Overview
Model Overview
Jiayi-Pan/Tiny-Vicuna-1B is a compact 1.1 billion parameter language model, developed by Jiayi-Pan. It is a fine-tuned variant of the TinyLlama base model, specifically trained on the WizardVicuna Dataset. This model is engineered to be fully compatible with the Vicuna-v1.5 series, making it a suitable option for developers familiar with that architecture.
Key Characteristics
- Base Model: Fine-tuned from TinyLlama (1.1B parameters).
- Training Data: Utilizes the WizardVicuna Dataset for instruction-following capabilities.
- Compatibility: Designed to be fully compatible with the Vicuna-v1.5 series.
- Efficiency: Its small parameter count makes it ideal for quick iterations and resource-constrained environments.
Performance Benchmarks
Evaluated on the Open LLM Leaderboard, Tiny-Vicuna-1B demonstrates foundational capabilities across various tasks.

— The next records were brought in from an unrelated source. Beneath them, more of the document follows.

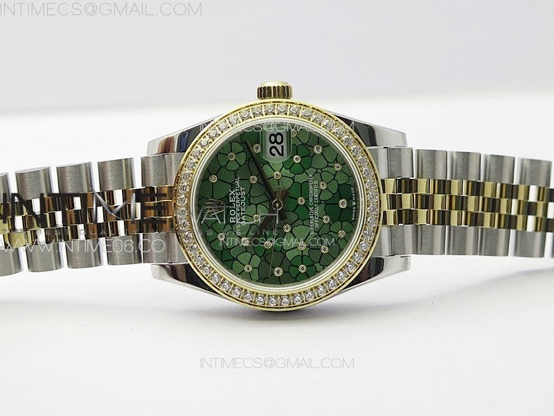 DateJust 31mm 278274 904L SS/YG Crystals Bezel GMF Best Edition Green Flowers Crystals Dial on 904L SS/YG Jubilee Bracelet A2824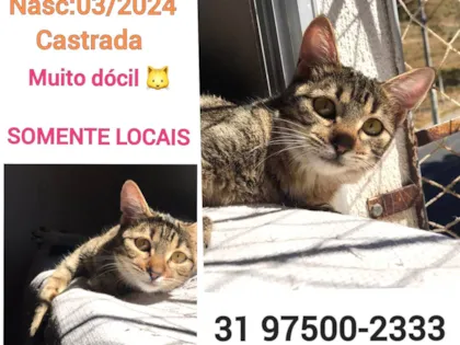 Adote o gato ISA, um SRD brincalhão e sociável de 2 a 6 meses. Ideal para apartamentos e muito dócil. Disponível em Belo Horizonte/MG.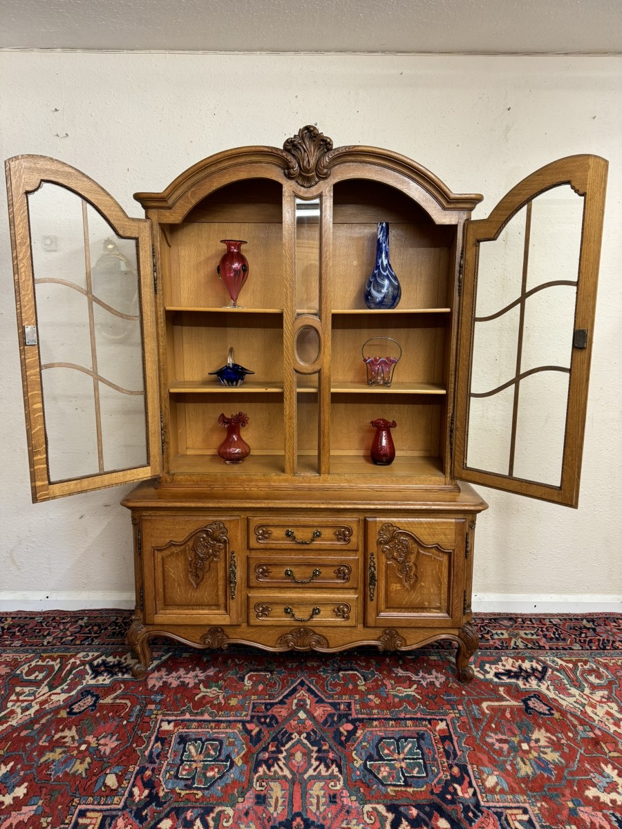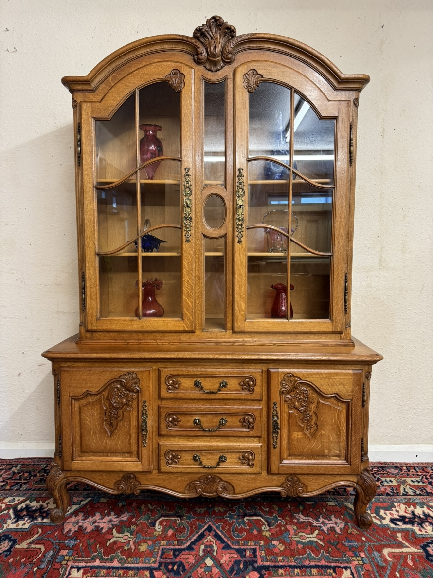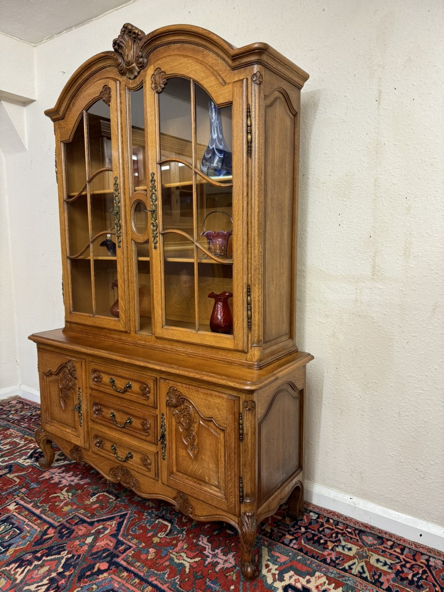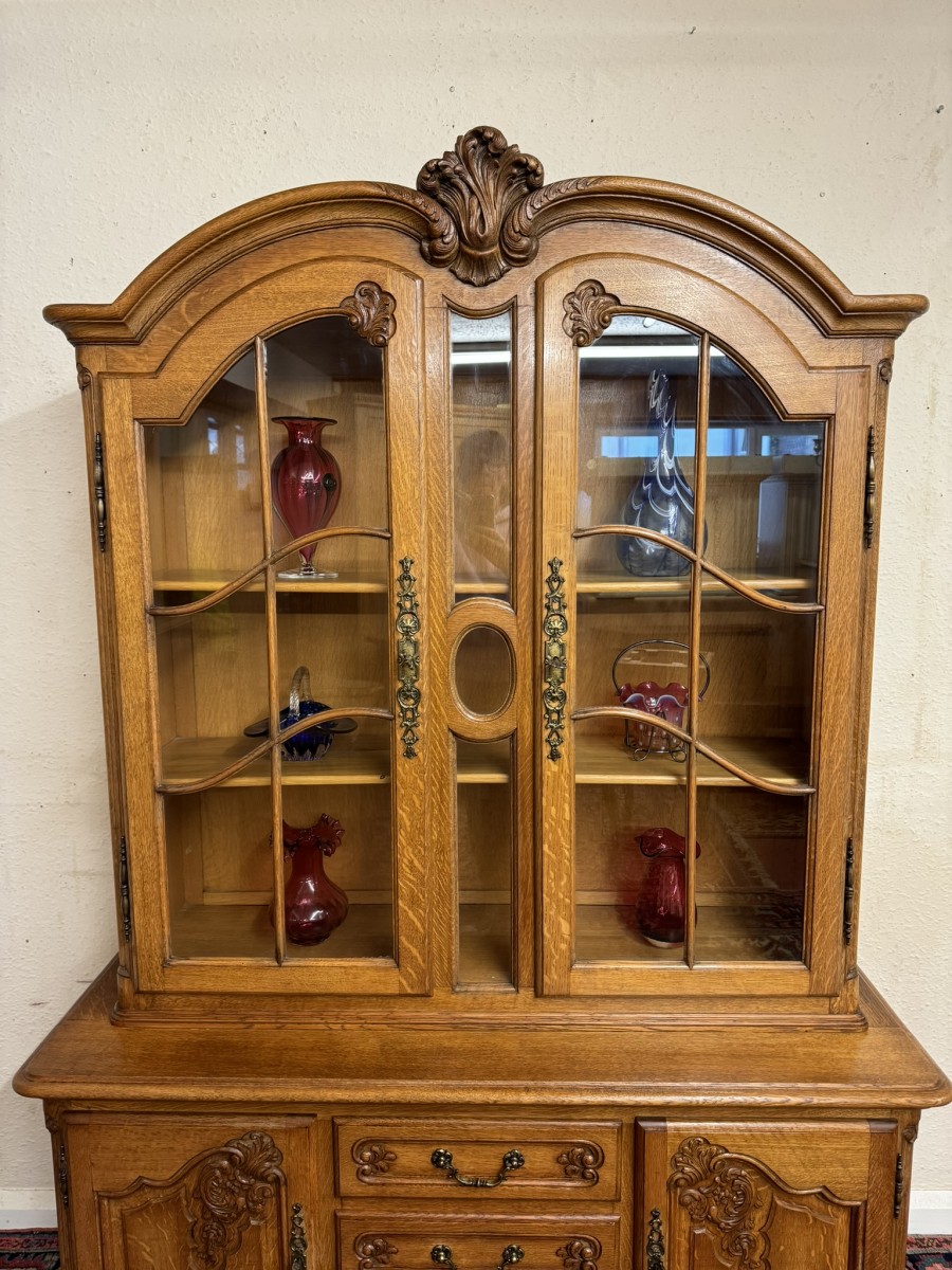 This fabulous cabinet is in excellent condition. The arch top rises to a carved fearther crest, below are a pair of lockable glazed doors, there is a glazed panel between these doors. Each door has brass hinges, ornate brass escutcheon and key. The doors open to reveal two removable shelves. The base section has a central bank of three carved drawers flanked by a pair of carved recessed panelled doors, each drawer having a brass handle, each door having brass hinges, ornate brass escutcheon and key. The doors open to reveal a good storage space. Recessed panelled sides, shaped skirt with fabulous carved decoration this fabulous cabinet stands on carved cabriole shaped legs.

Its average score is 34.76, with specific metrics including:
- AI2 Reasoning Challenge (25-Shot): 33.45
- HellaSwag (10-Shot): 55.92
- MMLU (5-Shot): 25.45
- TruthfulQA (0-shot): 33.82
- Winogrande (5-shot): 58.41
- GSM8k (5-shot): 1.52
Use Cases
This model is particularly well-suited for:
- Rapid Prototyping: Its small size allows for fast training and inference cycles, accelerating experimental workflows.
- Educational Purposes: An accessible model for learning about fine-tuning and instruction-following LLMs.
- Resource-Limited Deployment: Suitable for applications where computational power or memory is a constraint.
- Early-Stage Development: Provides a solid base for initial explorations before scaling up to larger models.